In a clinical or scientific sense, sexual opportunism is often straightforwardly described as observable sexual promiscuity or the observable propensity to engage in casual sex, whatever the motive. Such an "objective" description is used, because:

  • it may not clear or provable that such behaviour conflicts with relevant principles (unless it demonstrably involves unlawful behaviour).
  • what matters for medical, juridical or scientific purposes is primarily that it occurs, irrespective of what the motives are, or how those motives are morally judged by the people involved or by others.
  • because the judgment that the motives involved are "selfish" or signify "irresponsibility" depends on one's point of view and cannot, or not easily, be objectively or scientifically established.

Promiscuous behaviour or the pursuit of casual sex can occur in varying degrees, or be circumstantial, but can also be motivated by some kind of sexual addiction or hypersexuality in which the opportunist actively "preys" on people who are most likely to satisfy his sexual desires, or are easily available for sexual activity ("an easy lay").

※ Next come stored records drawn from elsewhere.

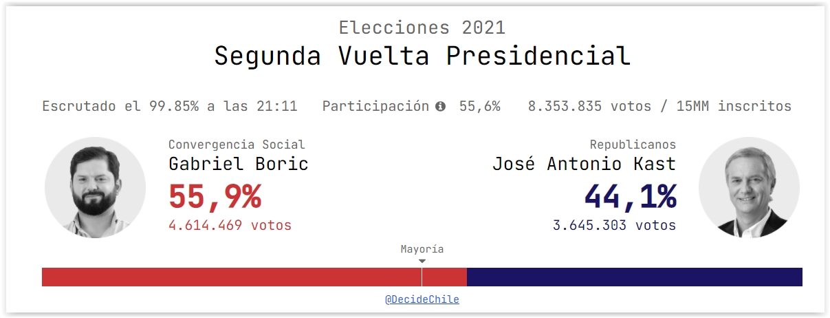 Em números absolutos, Boric obteve 4.614.469 votos e Kast, 3.645.303.
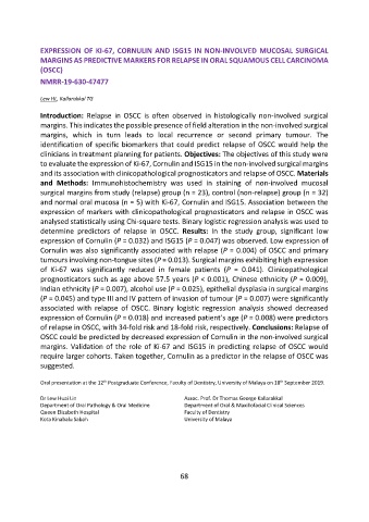 margins. Validation of the role of Ki-67 and ISG15 in predicting relapse of OSCC would
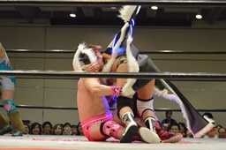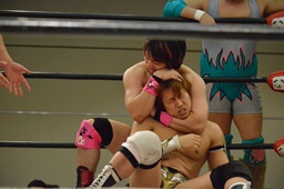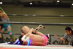 ボディスラムからテディベア(左写真)、カウント2。
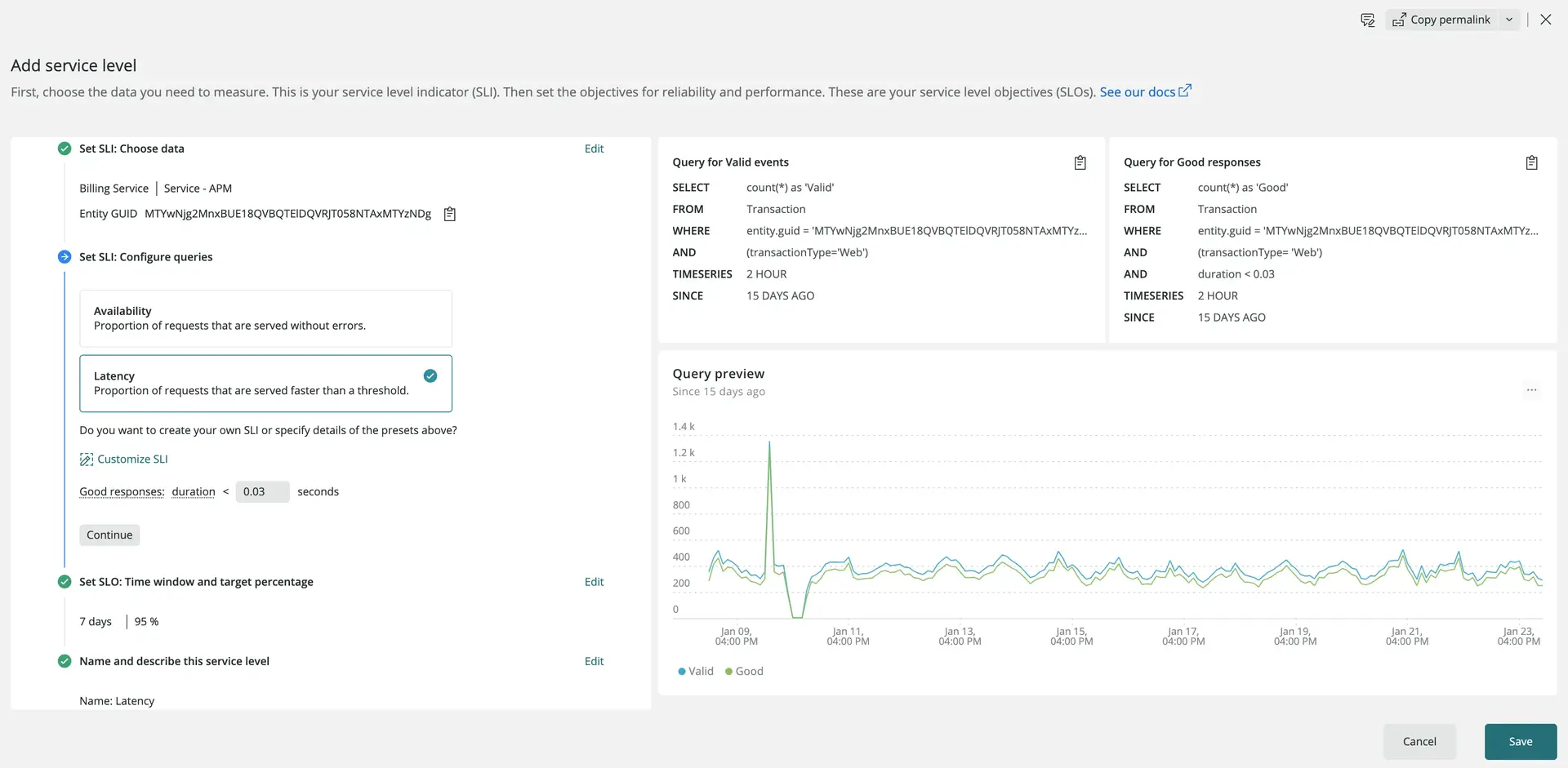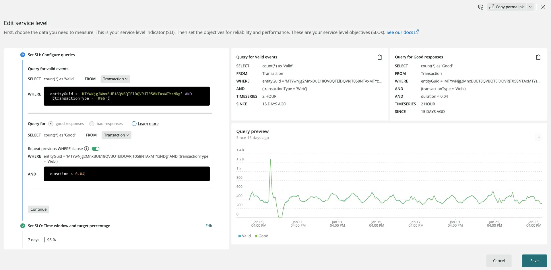 If you're using a different type of entity, you want to query dimensional metrics, or you want to customize the baseline values provided by New Relic, you can customize the SLI to your needs. For instance, you can use the WHERE clause to filter out health checks. You could also use different event types on each queries; in this case, make sure that each valid event corresponds only to one or less events on the good or bad query.

The practice is normally considered pathological only if it significantly harms the sexual opportunist himself, and/or significantly harms his (potential) sexual partners – in a physical or psychological sense – or if it involves unlawful activity (see also catholic sex abuse cases). The definition of "harm" involved may however be contested, insofar as it is not obvious and open to interpretation.

References[edit]

  1. ^ Graham Scambler, "Sex Work Stigma: Opportunist Migrants in London". Sociology, vol. 41, no. 6, December 2007, pp. 1079-1096.